**Goal of the exercise**:
Retype the listing below line for line, but only from the line with "広報戸田市1月1日号の裏表紙" down to the line with "Cách đeo này", inclusive. Pictures stay out.
── Dataset records
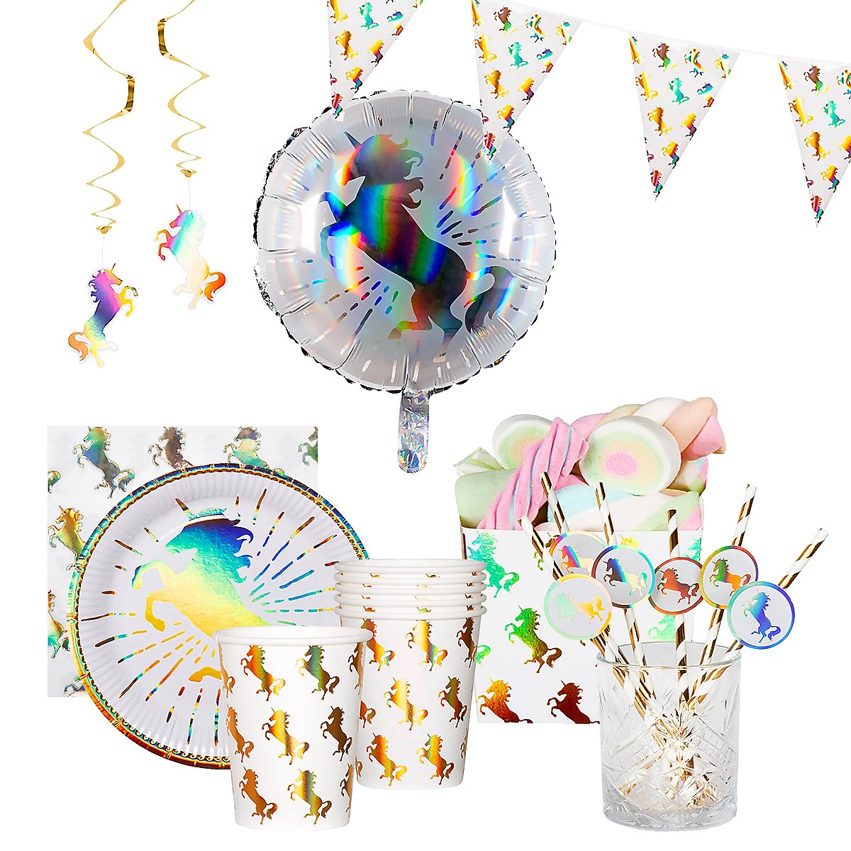 Unicorn party decoration set 40 pieces for 6 persons
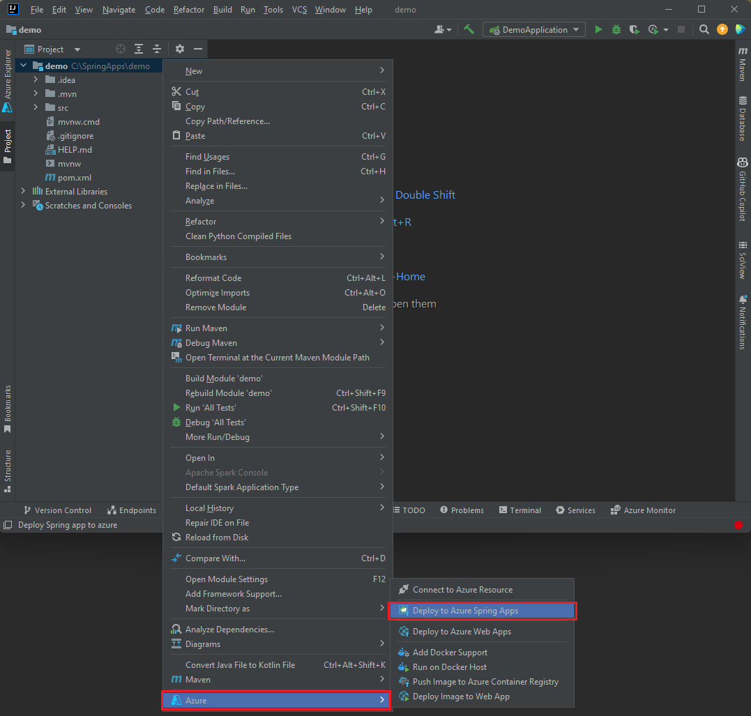 Clique com o botão direito do mouse em seu projeto na janela Projeto do IntelliJ e selecione Azure –>Implantar no Aplicativos Spring do Azure.
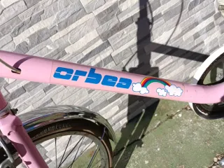 Bicicleta Orbea de color rosa, ideal para paseos. - Cuadro de metal. - Ruedas de 20 pulgadas. - Sillín blanco. - Guardabarros delantero y trasero. - Portaequipajes trasero.
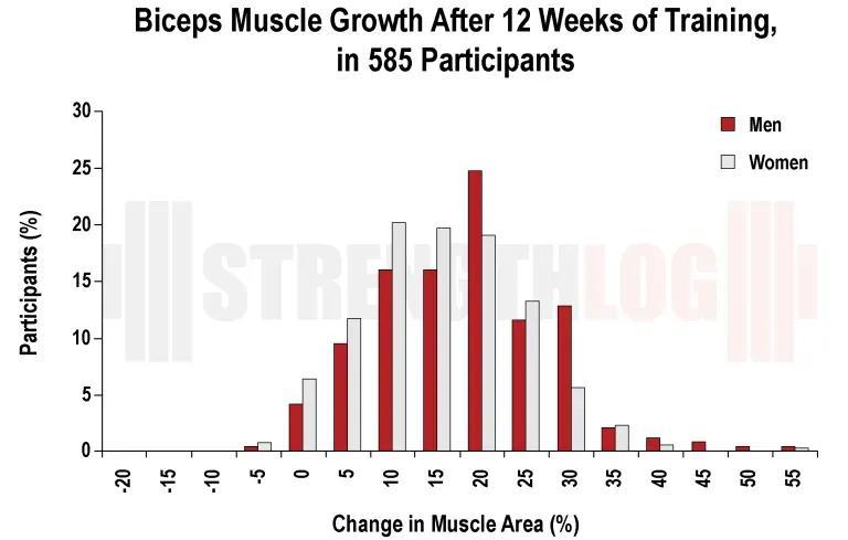 2013年12月發表在《BioMed Research International》的一項涉及585名參與者的大規模研究中,其中58%是女性,經過12周的二頭肌訓練後,男女在相對肌肉質量上沒有發現差異。
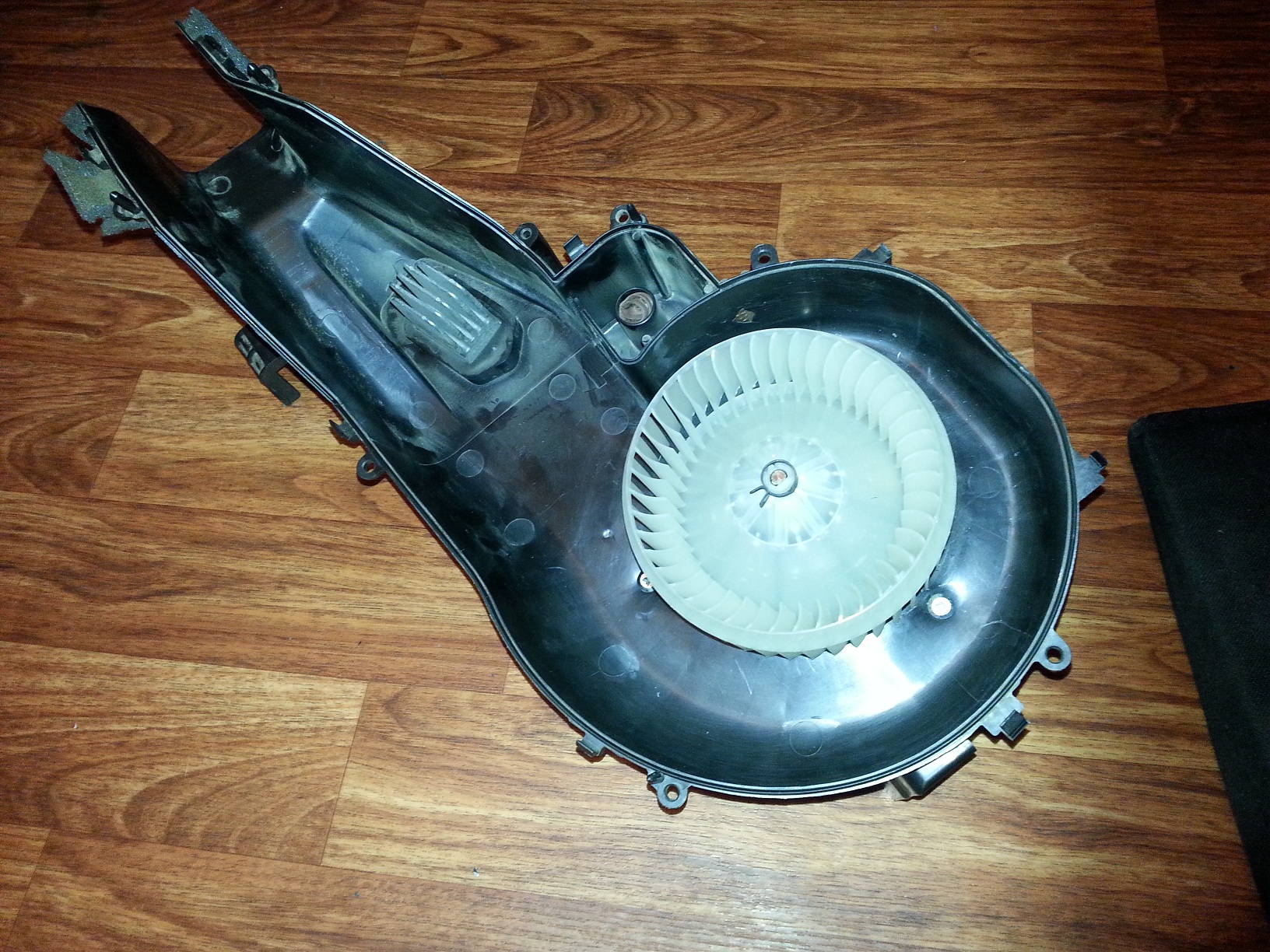 Поломался двигатель вентилятора печки. причина поломки выгорел коллектор, в магазине на заказ б\у стоит 8000, вышел из положения купил новый эл.двигатель от паджеро, честно говоря пришлось помучиться отрезал от родного корпуса посадочное место на эл.движок, с лицевой стороны срезал ребра жесткости, и в монтировал новый движок и вот что получилось.
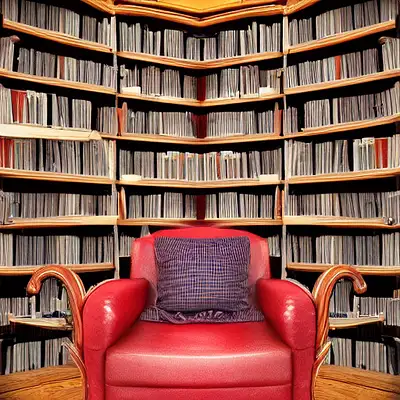 A bookshelf full of books about cloud native (kubernetes, docker) technology, old english library style. Morpheus with a red hat is reading in leather armchair, high res.
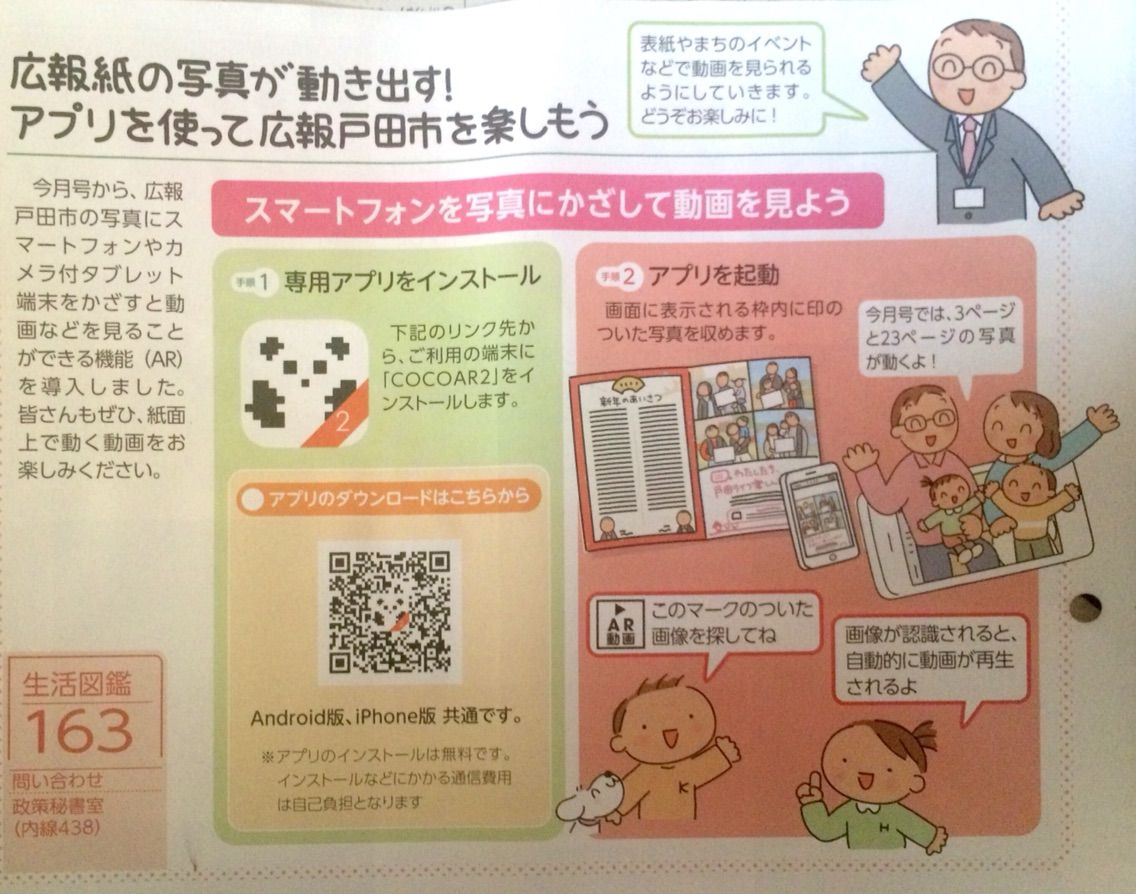 広報戸田市1月1日号の裏表紙に書かれた説明をもとに専用アプリCOCOAR2をスマホにダウンロードしてインストール。そしてARが埋め込まれた写真にかざしてみました。
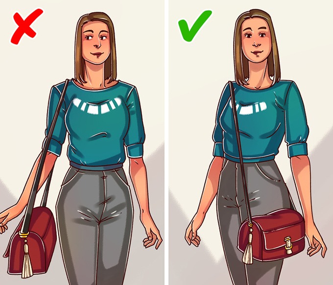 Cách đeo này khiến chiếc túi nằm sát cơ thể, trọng lượng của nó sẽ ổn định và bớt gây áp lực lên da thịt so với việc đeo một bên.
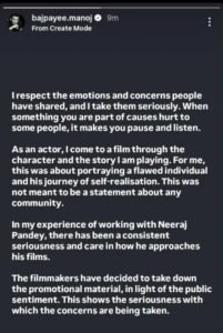 इस मामले पर अभिनेता मनोज बाजपेयी ने भी सोशल मीडिया के जरिए अपनी चुप्पी तोड़ी है। उन्होंने लिखा कि वह लोगों की भावनाओं और चिंताओं का सम्मान करते हैं और उन्हें गंभीरता से लेते हैं। मनोज बाजपेयी ने कहा कि एक अभिनेता के तौर पर वह कहानी और किरदार से जुड़ते हैं और उनके लिए यह फिल्म एक गलत व्यक्ति और उसके आत्मबोध की यात्रा को दर्शाती है, न कि किसी समुदाय पर टिप्पणी। उन्होंने यह भी कहा कि सार्वजनिक भावनाओं को ध्यान में रखते हुए प्रमोशनल कंटेंट हटाने का फैसला लिया गया है, जो यह दिखाता है कि मेकर्स इस मुद्दे को कितनी गंभीरता से ले रहे हैं।
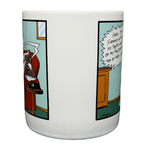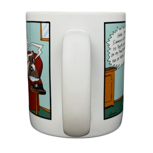 This rare 1984 The Far Side coffee mug by Gary Larson features the classic "Dial-a-Cat" comic, showcasing his signature dark humor with a dog making a mischievous prank call. Crafted from durable white ceramic by OZ in Kansas City, this vintage collectible includes the original wrap-around illustration and authentic 1980s manufacturing marks on the bottom. Its sturdy design and nostalgic appeal make it an essential addition for fans of the iconic comic strip or collectors of high-quality retro kitchenware. Perfect for daily use or display, this piece of comic history brings a touch of surrealist wit to any morning routine.
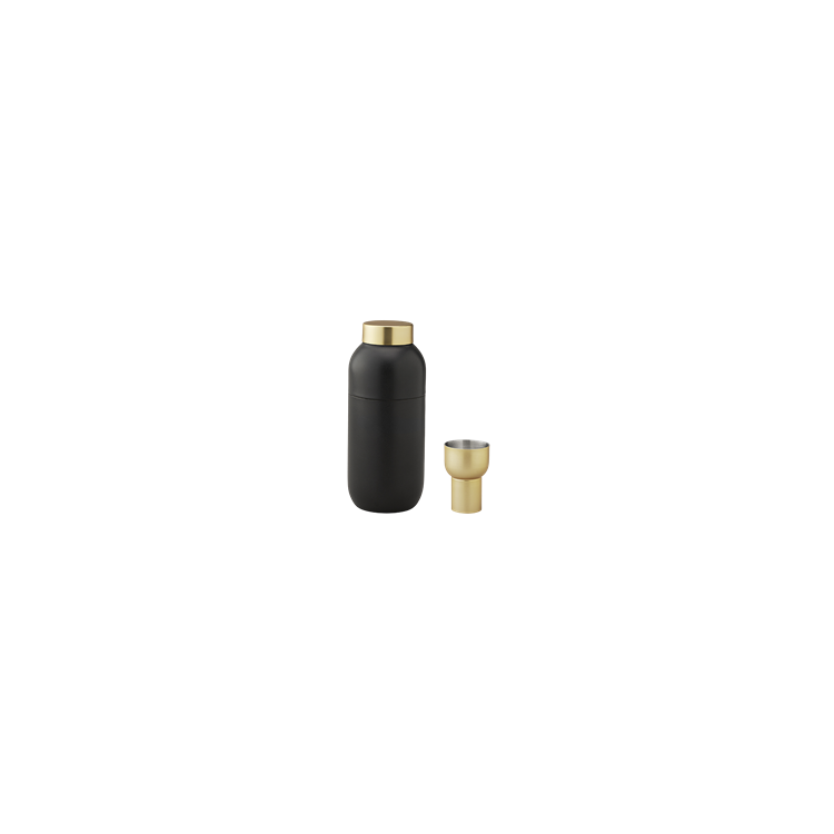 Koktailový šejker Collar je pre fanúšikov tejto kolekcie značky Stelton absolútnym "must have". Súčasťou 500 ml šejkra je aj odmerka na 4 a 2 cl a sitko na oddelenie tekutiny a ovocia. Šejker je vyrobený z nehrdzavejúcej ocele potiahnutej teflónom. Dizajn vyniká minimalistickým tvarom a kontrastom medzi matnou čiernou a mosadznou povrchovou úpravou veka/šálky.
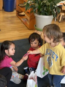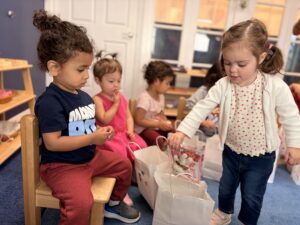 Children had created their own Valentine bags earlier in the week and on Friday participated in a Valentine exchange with their classmates. These activities encouraged creativity, fine motor skills, and kindness as children shared valentines with one another.
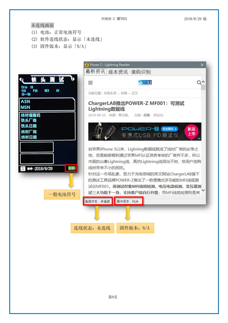Интерфейс тестирования провода Lightning. Этот интерфейс может отображать Тип серийного номера аутентификации заголовка Lightning, Тип чипа аутентификации, чип коммутатора, оценку и другую информацию.
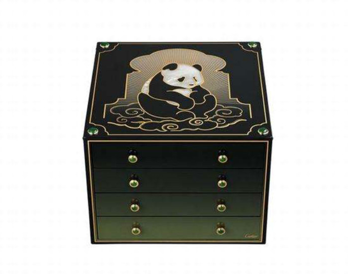 作为“皇帝的珠宝商”,卡地亚的麻将也做成了珠宝盒的形式。墨色漆面的无花果木,镶嵌了珍珠母贝,细节的部分还有镀金描边。中心图案采用中国国宝大熊猫的可爱形象,熊猫驾祥云,要说献礼中国,这才算有诚意。整个礼盒还镶嵌了16颗凸圆形软玉,很有古典气质。全球限量发行18套,售价约45万元。
────
**Response box**:
 広報戸田市1月1日号の裏表紙に書かれた説明をもとに専用アプリCOCOAR2をスマホにダウンロードしてインストール。そしてARが埋め込まれた写真にかざしてみました。
 Cách đeo này khiến chiếc túi nằm sát cơ thể, trọng lượng của nó sẽ ổn định và bớt gây áp lực lên da thịt so với việc đeo một bên.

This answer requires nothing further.